Print the listing as it stands, omitting all images.

**Data for this task:**
◇ ◇ ◇
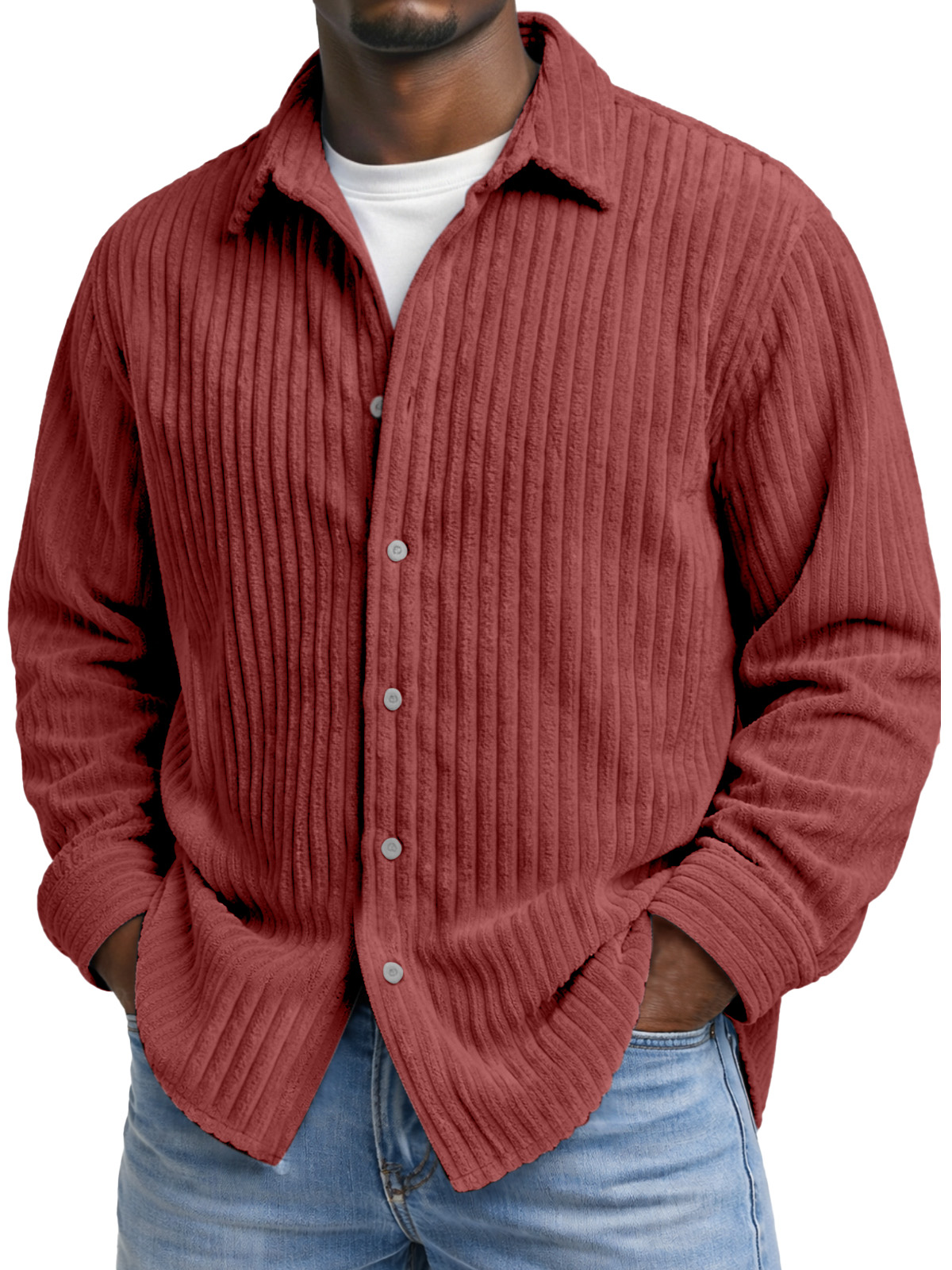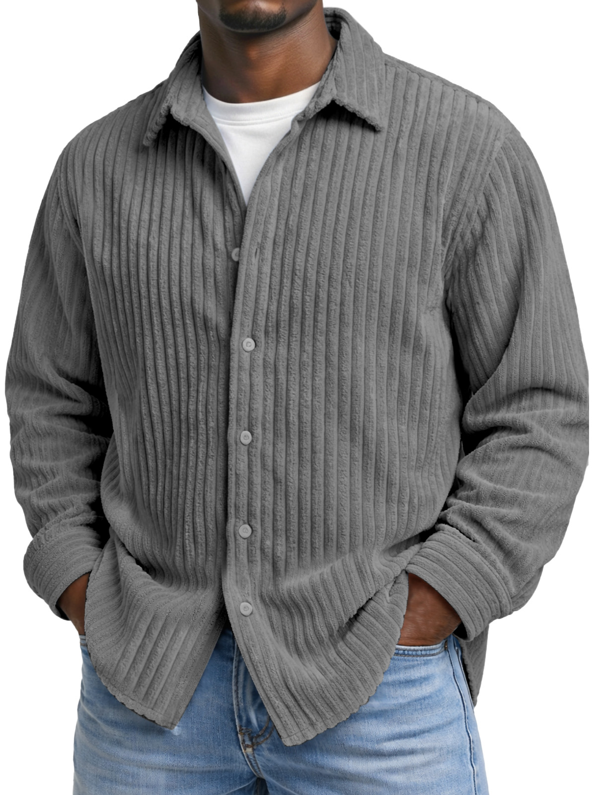 Men's Comfortable And Soft Corduroy Long-sleeved Collared Shirt
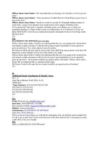 Officer Jason Ames States: Cordell was informed that the rave was going to be closed down
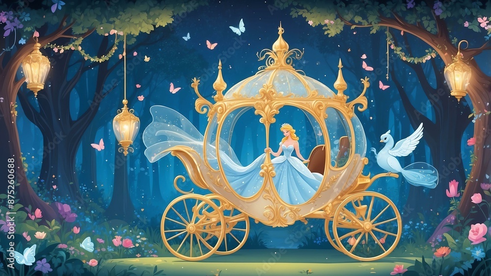 fairytale wedding cinderella carriage enchanted forest flat banner theme #875260688
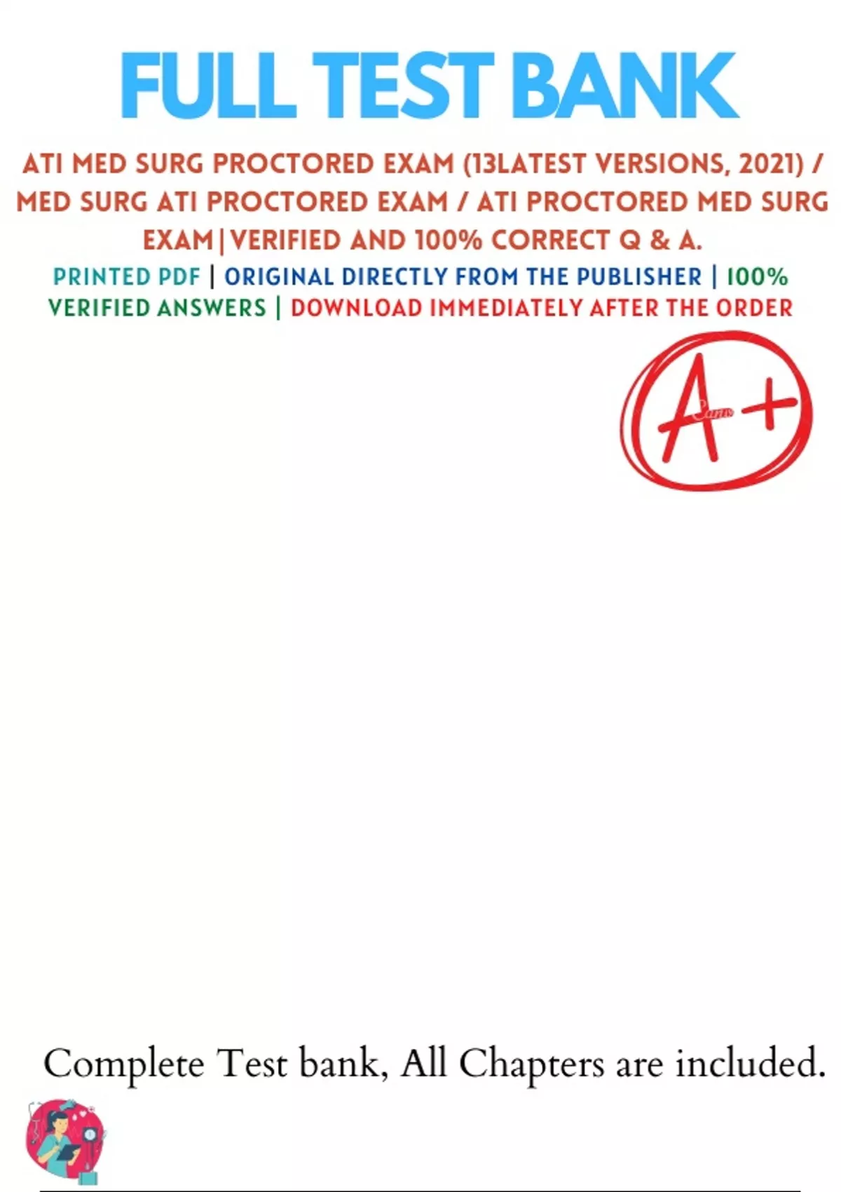 ATI MED SURG PROCTORED EXAM (13LATEST VERSIONS, 2021) / MED SURG ATI PROCTORED EXAM / ATI PROCTORED MED SURG EXAM|Verified and 100% Correct Q & A.
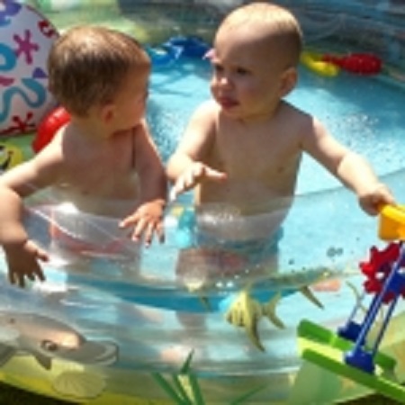 A mamáéknál készültek a képek, Nagykovácsiban, amikor végre kijutottunk "nyaralni" a sógorékkal. Nekik szinte egyidős a kisebbik gyerkőcük a Norbikánkkal, és nagyon jól elvoltak a gyerekmedencéjükben. Örömében tapsikol az első képen, a másikon gondolkodik, a bőség zavara... :) A harmadik képen épp elvett valamit Dávidkától, és olyan fejet vág, hogy "most már elég legyen, enyém és kész"!!! Zabálnivalók! Végül a negyedik képen, mint 2 jóbarát megfér egymás mellett és pancsiznak szépen.
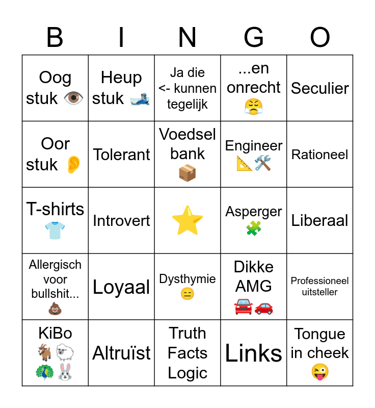This bingo card has a free space and 24 words: Loyaal, AltruΓ―st, Voedsel bank π¦, KiBo πππ¦π°, Seculier, Oog stuk ποΈ, Oor stuk π, Heup stuk πΏ, Asperger π§©, Dysthymie π, Engineerππ οΈ, T-shirts π, Dikke AMG ππ, Professioneel uitsteller, Tolerant, Links, Liberaal, Ja die <- kunnen tegelijk, Rationeel, Introvert, Tongue in cheek π, Allergisch voor bullshit...π©, ...en onrecht π€ and Truth Facts Logic.
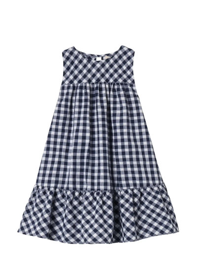 Den här ärmlösa klänningen har ett charmigt rutmönster. Sömmar vid bröstet och höften ger mer volym. En detalj med snörning baktill gör den enkel att ta av och på. Den är gjord av mjuk bomull.
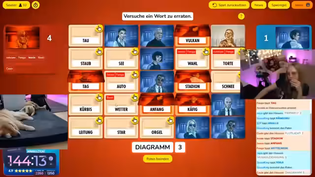 10:38:20Streamer initiierte eine Runde Codenames mit Zuschauern, was hohen Andrang hatte. Die Regeln wurden erklärt: Teams müssen Wörter gemeinsam raten, während der 'Geheimdienstchef' Hinweise gibt. Streamer moderierte das Spiel energisch, teilweise mit technischen Problemen. Die Interaktion zwischen Streamer und Community war intensiv, mit Humor und strategischen Diskussionen.
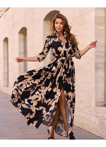 Коричнева легка сукня з принтованого штапелю з максі довжиною і розрізом спереду. Модель з V-подібною горловиною, рукавами 3\4, коміром та бічними кишенями. Сукня з гумкою на талії має знімний пояс. Напівобхват: Груди: S (46), M (48), L (50), XL (52), XXL (54), 3XL (56); Талія: S (30-40), M (32-42), L (34-44), XL (36-46), XXL (38-48), 3XL (40-50); Стегна: S (84), M (86), L (88), XL (90), XXL (92), 3XL (94); Довжина виробу - 145-147*; Рукав - 36-40*; Тканина: Низької еластичності. Парметри моделі: Зріст: 165 см Груди: 81 см Талія: 64 см Стегна: 90 см На моделі розмір: S
◇ ◇ ◇
**Response for this exercise:**
 Men's Comfortable And Soft Corduroy Long-sleeved Collared Shirt
 Officer Jason Ames States: Cordell was informed that the rave was going to be closed down
 fairytale wedding cinderella carriage enchanted forest flat banner theme #875260688
 ATI MED SURG PROCTORED EXAM (13LATEST VERSIONS, 2021) / MED SURG ATI PROCTORED EXAM / ATI PROCTORED MED SURG EXAM|Verified and 100% Correct Q & A.
 A mamáéknál készültek a képek, Nagykovácsiban, amikor végre kijutottunk "nyaralni" a sógorékkal. Nekik szinte egyidős a kisebbik gyerkőcük a Norbikánkkal, és nagyon jól elvoltak a gyerekmedencéjükben. Örömében tapsikol az első képen, a másikon gondolkodik, a bőség zavara... :) A harmadik képen épp elvett valamit Dávidkától, és olyan fejet vág, hogy "most már elég legyen, enyém és kész"!!! Zabálnivalók! Végül a negyedik képen, mint 2 jóbarát megfér egymás mellett és pancsiznak szépen.
This bingo card has a free space and 24 words: Loyaal, AltruΓ―st, Voedsel bank π¦, KiBo πππ¦π°, Seculier, Oog stuk ποΈ, Oor stuk π, Heup stuk πΏ, Asperger π§©, Dysthymie π, Engineerππ οΈ, T-shirts π, Dikke AMG ππ, Professioneel uitsteller, Tolerant, Links, Liberaal, Ja die <- kunnen tegelijk, Rationeel, Introvert, Tongue in cheek π, Allergisch voor bullshit...π©, ...en onrecht π€ and Truth Facts Logic.
 Den här ärmlösa klänningen har ett charmigt rutmönster. Sömmar vid bröstet och höften ger mer volym. En detalj med snörning baktill gör den enkel att ta av och på. Den är gjord av mjuk bomull.
 10:38:20Streamer initiierte eine Runde Codenames mit Zuschauern, was hohen Andrang hatte. Die Regeln wurden erklärt: Teams müssen Wörter gemeinsam raten, während der 'Geheimdienstchef' Hinweise gibt. Streamer moderierte das Spiel energisch, teilweise mit technischen Problemen. Die Interaktion zwischen Streamer und Community war intensiv, mit Humor und strategischen Diskussionen.
 Коричнева легка сукня з принтованого штапелю з максі довжиною і розрізом спереду. Модель з V-подібною горловиною, рукавами 3\4, коміром та бічними кишенями. Сукня з гумкою на талії має знімний пояс. Напівобхват: Груди: S (46), M (48), L (50), XL (52), XXL (54), 3XL (56); Талія: S (30-40), M (32-42), L (34-44), XL (36-46), XXL (38-48), 3XL (40-50); Стегна: S (84), M (86), L (88), XL (90), XXL (92), 3XL (94); Довжина виробу - 145-147*; Рукав - 36-40*; Тканина: Низької еластичності. Парметри моделі: Зріст: 165 см Груди: 81 см Талія: 64 см Стегна: 90 см На моделі розмір: S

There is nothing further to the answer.